One candidate electric motor type for driving wheels of electric and hybrid vehicles is the induction motor. Induction motors, of course, may be designed in many different sizes and shapes for delivering rotational power.
A typical induction motor has a stationary annular wire-wound outer member of designed diameter and length called a stator. Often a three-phase alternating current is delivered to electrical leads of the stator so as to produce a magnetic field that rotates around the stator ring. A cylindrical rotor member carried on the rotating power shaft for the motor is placed closely spaced within the inner cylindrical cavity of the stator. The rotor has an inner cylindrical core of flat round steel plates, coated with electrically insulating material, and stacked as laminations with their circumferences aligned to form the cylindrical core so that it has a length complementary to that of the stator. This cylindrical core does not conduct electricity but it displays high electromagnetic permittivity.

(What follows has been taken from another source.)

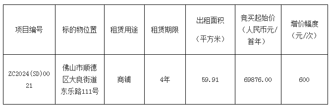 广东托信项目管理有限公司(以下简称:交易代理机构)受佛山市顺德区飞鹅永久墓园管理处(以下简称:出租方)委托采用网上竞价方式,对大良东乐路111号商铺出租项目(二次)进行网上公开竞价,欢迎合格的竞价人参与竞价。

Each laminated disk of the rotor core may be shaped with circumferential indentations, or the like, to carry several (e.g., 20-40) uniformly spaced, equal length, copper or aluminum electrical conductor bars extending from one end of the rotor core to the other. The spaced conductor bars may be uniformly slightly inclined to the cylindrical axis of the rotor core and the ends of each bar are connected to copper or aluminum end rings located on the rotor ends and co-axial with the rotor axis. This one-piece, cage-like structure of spaced and inclined conductor bars with end rings, carried on the laminated rotor core, is highly electrically conductive and termed a “shorted structure.”
Because only a small clearance is maintained between stator and rotor, the rotating magnetic field of the stator enters the rotor, inducing a current in the embedded conductors. In turn, the conductor current produces its own magnetic field which is repelled by the stator magnetic field and causes the rotor to rotate. Inclination of the conductor bars with respect to the rotational axis of the rotor cooperates with the rotation of the magnetic field produced by the stator and permits a more uniform production of torque by the induction motor.
The shorted structure may be fabricated by assembly and joining of its individual components, the conductor bars and end rings. An alternative approach, which promised a shorter manufacturing time, has been to overcast the conductor bars and end rings as a complete structure on the lamination stack using die casting. However, rotors manufactured using the die casting approach have exhibited problems with excessive porosity and lower than optimum shorted structure (electrical) conductivity which has reduced process yield.
Thus there is need for a process for rapidly fabricating induction motor rotors and particularly the shorted structure of such rotors.